Kami tahu adegan itu dengan baik. Ketika dia berkendara ke Yerusalem hari itu, bab terakhir - yang paling penting - dari pekerjaan terobosan hidupnya dibuka di hadapan Yesus. Nabi Zakharia telah mengumumkan bahwa suatu hari seorang raja yang perkasa akan naik ke Kota Suci dengan seekor keledai muda: “Bersukacitalah, hai puteri Sion; bersukacitalah, hai putri Yerusalem! Lihatlah, rajamu datang kepadamu; Dia benar dan Juruselamat, rendah hati dan menunggang keledai, dan menunggang keledai muda.” (Zakharia 9,9:XNUMX)

Seekor keledai untuk mesias?

Faktanya, hari itu Yesus memilih seekor keledai "yang belum pernah diduduki manusia" (Lukas 19,30:XNUMX). Kemudian, saat dia berkendara ke Yerusalem hari itu, orang banyak yang menunggu melihatnya sebagai tanda pemerintahan Mesias yang akan datang. Tetapi mengapa Tuhan memilih keledai untuk melakukan ini? Apakah Tuhan menghubungkannya dengan tujuan yang lebih dalam? Ada apa dengan hewan ini yang memungkinkannya membawa Raja-Mesias yang telah lama ditunggu-tunggu ke pelantikannya?

Keledai telah lama menjadi hewan penting di Timur. Sebagai hewan beban dan pekerja keras, itu merupakan bagian integral dari kehidupan sehari-hari (Kejadian 1:42,26; 45,23:1; 16,20 Samuel 2:16,1.2; XNUMX Samuel XNUMX:XNUMX). Terkadang diam, terkadang berteriak keras, keledai itu terlihat dan terdengar di kota dan desa. Orang-orang menghargainya: mau bekerja, tangguh dan dapat diandalkan seperti dia, dia adalah pekerja yang luar biasa. Tapi keledai itu memang jauh lebih dari sekadar porter yang sabar! Makhluk yang hemat, cerdas, dan lembut ini adalah penguasa perubahan sejati: dia bisa menjalani kehidupan yang baik sebagai penguasa stepa yang jauh dari semua peradaban. Tapi dia melepaskan kebebasan itu untuk membedakan dirinya sebagai pelayan umat manusia.
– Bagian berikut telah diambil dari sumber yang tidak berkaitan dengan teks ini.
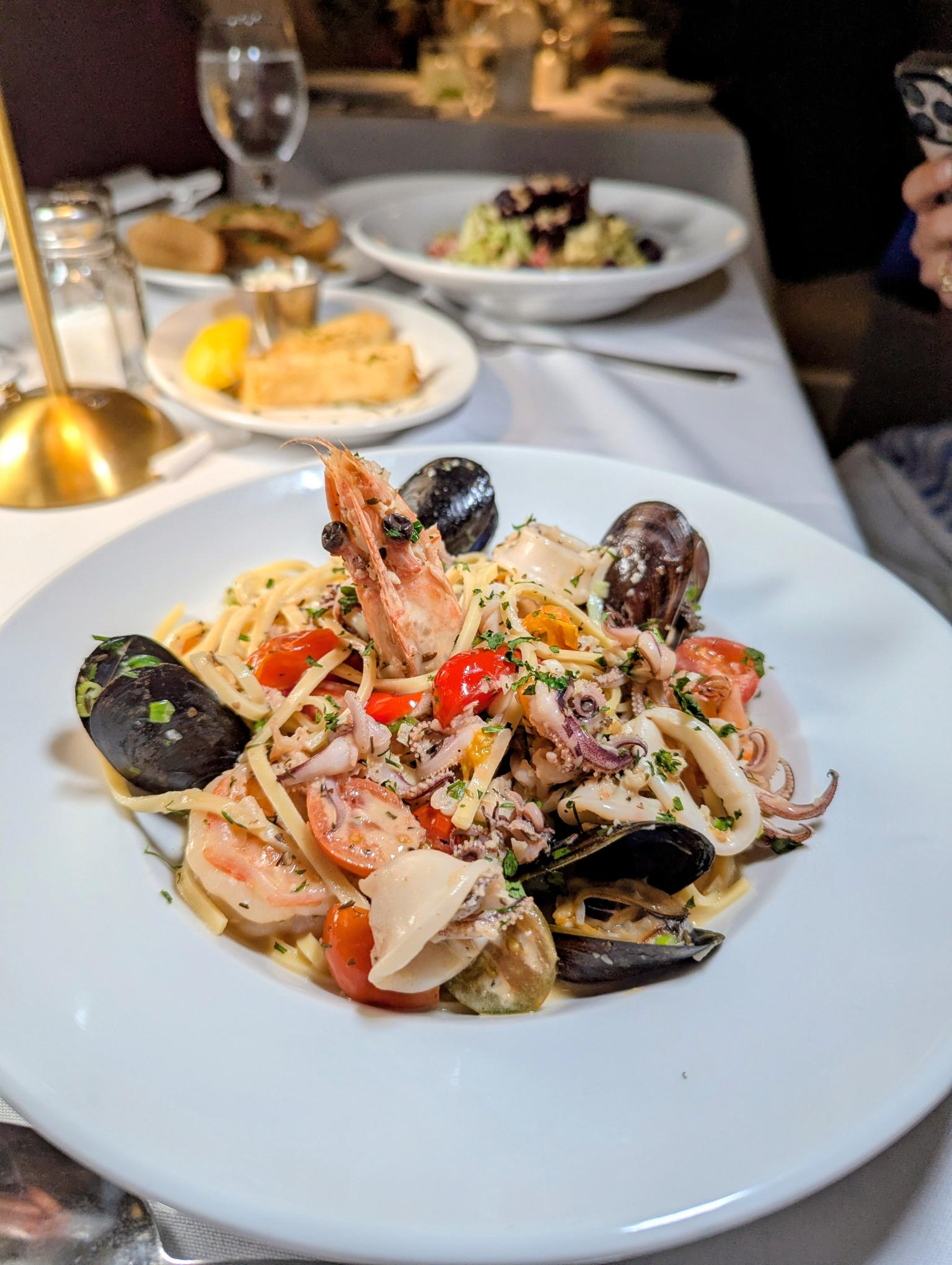 At a recent influencer tasting, the standouts were the kind of dishes that make you linger at the table—herb-crusted halloumi sticks you’ll want “just one more” of, paper-thin zucchini chips fried to golden crispness, and mains of golden sea bream, seafood pasta replete with shrimp, mussels, and calamari, and Greek-style lamb chops. And it’s not just the food: the energy here is what makes dining in Greece unforgettable—warm, generous, and always celebratory.

Dari penguasa menjadi pelayan

Seorang penguasa stepa? Ya! Keledai liar dapat mengatasi kesulitan besar dan melakukan perjalanan jauh. Dia bertahan dengan makanan dan air yang sangat sedikit, dan bahkan dapat menahan panas yang hebat. Kualitas ini memberinya gelar kehormatan "Raja Gurun" di antara para ahli. Berkat kualitas ini, keledai liar juga digunakan dalam Kitab Suci sebagai simbol kebebasan:

»Siapa yang melepaskan keledai liar, yang melepaskan ikatannya. Saya memberinya padang rumput untuk ditinggali, dataran garam untuk ditinggali. Dia menertawakan kebisingan kota, dia tidak mendengar teriakan pengemudi.« (Ayub 39,5:7-XNUMX NIV)

Keledai liar menyukai kebebasan. Dia juga bisa menjalani kehidupan yang sangat baik sendirian. Bukankah menakjubkan bahwa rekan peliharaan seseorang – keledai – selalu ditemukan sebagai pelayan yang setia di sisi manusia? Ya! Namun justru inilah yang membuat keledai begitu istimewa, menjadikannya simbol kerja dan kemajuan yang bernilai.

Tidak ada kemajuan tanpa keledai

Anda dapat menemukannya di seluruh dunia. Ada di setiap negara, di setiap benua. Bahkan di zaman tergelap, keledai rela membebaskan manusia dari pekerjaan terberat: sebagai alat transportasi, pertanian, dan produksi barang-barang penting. Dengan cara ini, kelelawar bertelinga panjang yang setia telah melakukan pekerjaan dengan baik dan memainkan peran kunci dalam perkembangan seluruh peradaban.

Jadi kenapa kita tidak bisa melihatnya lagi hari ini?

Pertukaran tanpa pamrih

Untuk waktu yang lama, keledai dianggap sebagai alat transportasi terbaik. Tetapi dengan ditemukannya kendaraan roda dua – “keledai sepeda” kita yang populer secara universal – dan munculnya mesin pembakaran internal, keledai sebagai alat transportasi telah hilang. Peradaban yang berkembang mendorong keledai kembali ke pedesaan. Tetapi bahkan di bidang pertanian, keledai akhirnya digantikan oleh mesin yang efisien namun berderak keras. Dengan melakukan itu, orang mengabaikan fakta bahwa tidak ada mobil, sepeda, atau truk yang memiliki mata yang baik dan sifat yang penuh kasih sayang seperti keledai.

Bakat serba bisa

Tapi dia masih ada! Di banyak daerah pegunungan, yang belum dikembangkan untuk pencapaian kemajuan industri, keledai masih dapat menunjukkan kekuatan yang sangat istimewa: karena keledai benar-benar dapat diandalkan bahkan di medan yang tidak dapat dilalui. Untuk itu, penduduk daerah itu mencintainya!

Tidak menuntut dan tangguh seperti dia, dia terbukti cerdas, lembut dan mau belajar pada saat yang sama. Begitu seekor keledai mengerti apa yang diminta darinya, dia dapat melakukan beberapa pekerjaan sendiri. Keledai selalu memilih pilihan terbaik. Itu kadang-kadang bisa disalahpahami sebagai keras kepala - jika keledai tidak mau memilih alternatif yang ingin diberikan oleh komandan yang pandai.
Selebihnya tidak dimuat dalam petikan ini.